He claimed that taking part in a phony political process that yields the same results no matter who is elected is, in effect, taking part in a fraud. It’s a cliché that those who don’t vote shouldn’t offer opinions about government, but Brand rejected this, saying that he doesn’t want to be, “complicit in this ridiculous illusion,” by casting a ballot.

He said that the government or, “political class,” does not serve the populations that elect them; they serve a tiny minority of wealthy individuals and corporations whose interests, often are in direct conflict with the interests of the public.

Therefore, it’s no use to seek answers to what ails us in the existing “paradigm.” We need to venture into new ways of thinking.

Despite describing the world in a horrid state of oppression, poverty, and environmental degradation all aided and abetted by democratically elected leaders, Brand was extremely optimistic.

He said that, “without a flicker of a doubt,” things were going to change. In his view, revolution is inevitable.

What he said that resonated the most with me, and which led to my revelation of my own uselessness, was not his main point. However, I think it speaks to how current events, political and otherwise, are discussed by young adults in the information age.

Brand says that, despite our corrupt political class, we can make progress on the issues that we feel passionate about if we follow through.
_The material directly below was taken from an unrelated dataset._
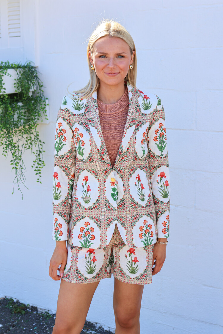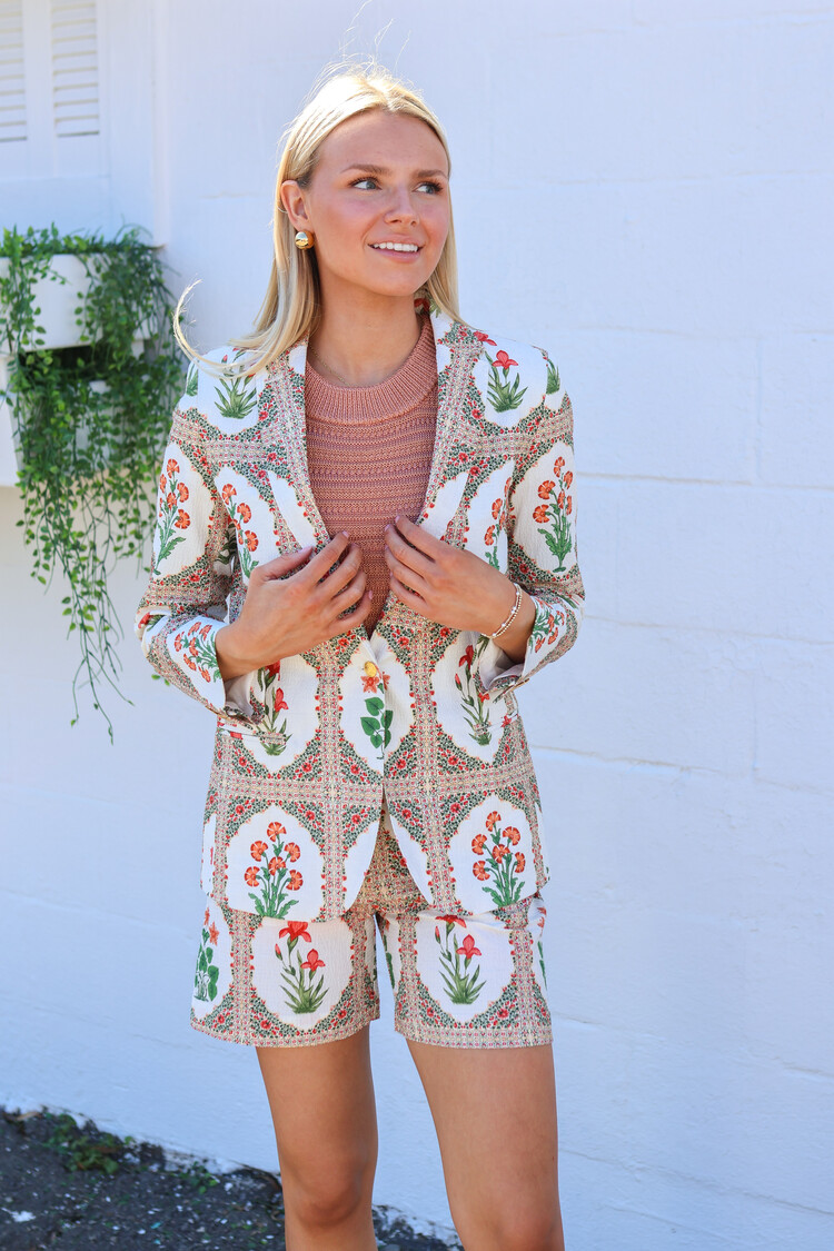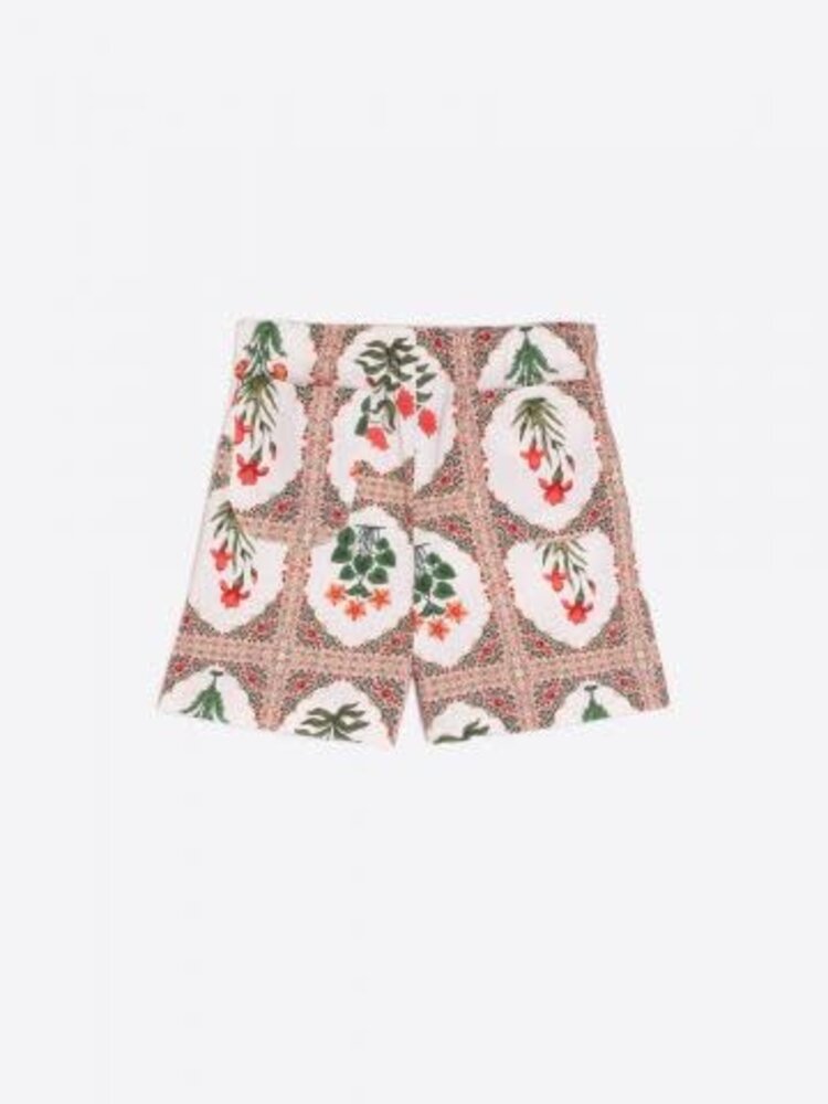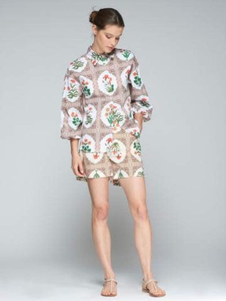• shorts in crinkle effect fabric with flower print. Elastic at the back of the waist. Front and back pockets. Matching jacket available.

“Instead of in some moment of lachrymose sentimentality trotted out on the TV for people to pour over. Emotional porn. If we can engage that feeling and change things, why wouldn’t we?”

But, do we want the world to change for the better? We have such fun pointing out how fucked up it is. When we see fault in others and that fault relates to what we think is an example of what is wrong with the world, we feel a twisted satisfaction. And more than that, we feel vindicated. We’re not culpable for the current state of affairs. We know better.

With all the information in the world at our fingertips, we have the ability to use the online media in all its diversity, not for education, but as a tool for our own self-gratification.

We can do this is by reading tweets, watching videos, or reading blogs and articles about politicians, pundits or celebrities that we disagree with. They say things that we find offensive, then we get angry and indignant, and it feels good.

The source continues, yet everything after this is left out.